Character. Method for time aggregation. Options are:

  • "seconds" - Numeric seconds with bin_size_seconds (default)

  • "hour" - Hourly aggregation using POSIX datetime

  • "day" - Daily aggregation using POSIX datetime

  • "month" - Monthly aggregation using POSIX datetime

Default is "seconds".

bin_size_seconds

Numeric. Time bin size in seconds for aggregating detections when time_aggregation = "seconds". Default is 3600 (1 hour).

detection_weight

Numeric. Weight given to detection events in the integrated probability calculation (0-1). Default is 0.5.

non_detection_weight

Numeric. Weight given to non-detection events in the integrated probability calculation (0-1). Default is 0.5.

integration_method

Character. Method for integrating detection and non-detection evidence. Options are:

  • "subtractive" (default): Detection field is the base; non-detection evidence subtracts from it: det - (nondet * non_detection_weight), clamped to 0. Produces tight, detection-anchored position estimates.

  • "multiplicative": Detection field scaled down by non-detection evidence: det * (1 - nondet * non_detection_weight). Smoother penalty than subtractive; stays non-negative naturally.

  • "additive": Original WADE formula: weighted sum of detection and inverted non-detection probabilities.
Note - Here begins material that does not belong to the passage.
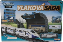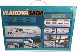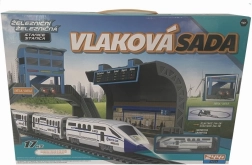 - 1× lokomotywa z efektem świetlnym, 1× wagon, 14× szyny, 1× stacja

Can inflate spatial footprint beyond detection zones.

For "subtractive" and "multiplicative", detection_weight is ignored (detection is always the base); only non_detection_weight controls the strength of non-detection penalty.
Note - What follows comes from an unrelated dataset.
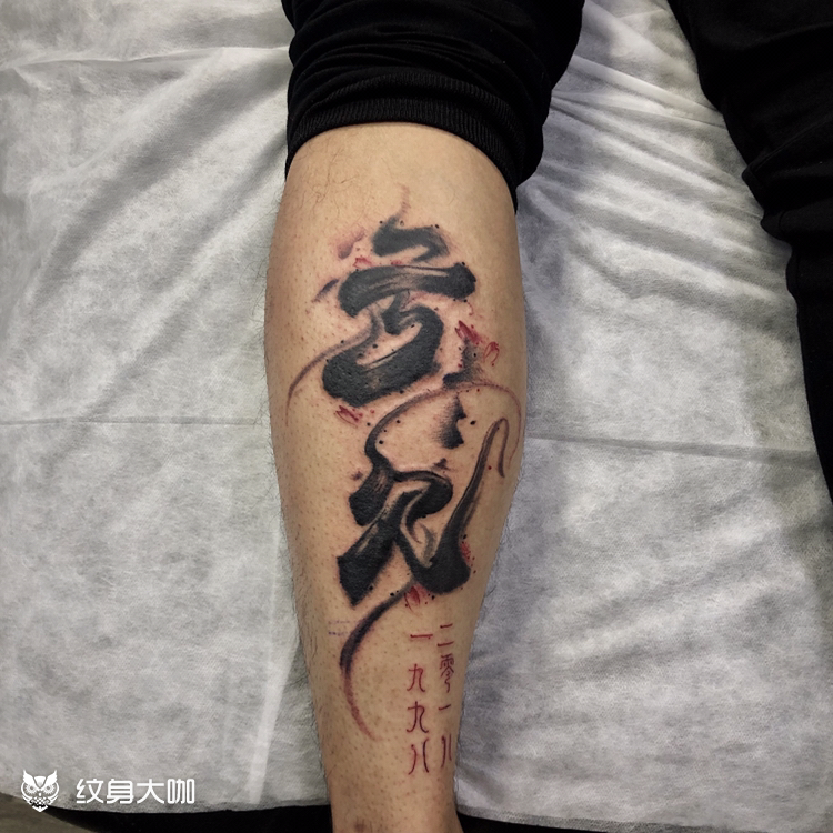 顾客本想纹一个字,但觉得很单调,只有现画现纹了,最后创作出来,顾客很满意。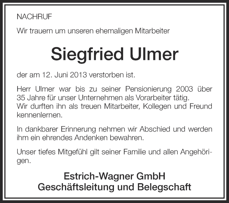 Hier finden Sie alle Traueranzeigen aus der Zeitung, die bisher für Siegfried Ulmer erschienen sind. Weitere Traueranzeigen, die in der Zeitung erscheinen, werden hier ebenfalls aufgelistet

max_non_detection_distance

Numeric. Maximum distance (in meters) from detecting stations to consider non-detecting stations. Set to NULL to include all stations. Default is 2000.

normalization_method

Character. Method for normalizing detection efficiency values. Options are "min_max", "z_score", or "robust". Default is "min_max".

fish_id_col

Character. Name of the column containing fish identifiers. Default is "path_id".

time_col

Character. Name of the column containing time values. Can be numeric seconds (for time_aggregation = "seconds") or POSIX datetime (for time_aggregation = "hour"/"day"/"month"). Default is "time_seconds".

station_col

Character. Name of the column containing station identifiers. Default is "station_id".

station_info

Station information as data frame, CSV file path, or sf object. Must contain station identifier (station_id or point_id) and coordinates (x,y). If sf object (e.g., from generate_exact_regular_points), coordinates are automatically extracted. Optional temporal columns: start_date, end_date for deployment windows. When provided, receiver_stations is auto-created. Default is NULL.

temporal_info

Data frame with daily environmental conditions for temporal DE prediction. Must contain date column and environmental predictors used by de_model. Only used when station_info contains temporal columns and de_model is provided. Default is NULL.

crs

Character. Coordinate reference system for station_info coordinates. If NULL (default), attempts to auto-detect from station_distances_df coordinate ranges or falls back to "EPSG:32617". Use same CRS as your depth_raster.

include_barriers

Logical. Whether to apply barrier masking to prevent position estimates through land obstacles. Default is FALSE. When TRUE, detection efficiency is set to 0 for any cell-receiver pair where the line-of-sight crosses a barrier.

scale_non_detections

Logical. Whether to scale non-detection evidence by total detections per fish/time period. Default is TRUE. When TRUE, non-detection fields are proportionally stronger in periods with many detections (more missed transmissions expected), balancing the detection-weighted mean that favours high-count stations. Requires crosses_barrier column in station_distances_df (generated by calculate_station_distances() with barrier_raster parameter).

verbose

Logical. Whether to print progress messages. Default is TRUE.

Value

A list containing:

position_probabilities

Data frame with integrated position probabilities for each fish, time period, and spatial cell. The integrated_prob column is rescaled to 0, 1 per fish/time period.

detection_data

Data frame with processed detection probability data

non_detection_data

Data frame with processed non-detection probability data

station_detections_binned

Data frame with time-binned detection events and station coordinates

station_coordinates

Data frame with station coordinate information

summary

List with summary statistics of the positioning analysis

Details

The function implements a multi-step positioning algorithm:

  1. Time binning of detection events (standardized to time_period)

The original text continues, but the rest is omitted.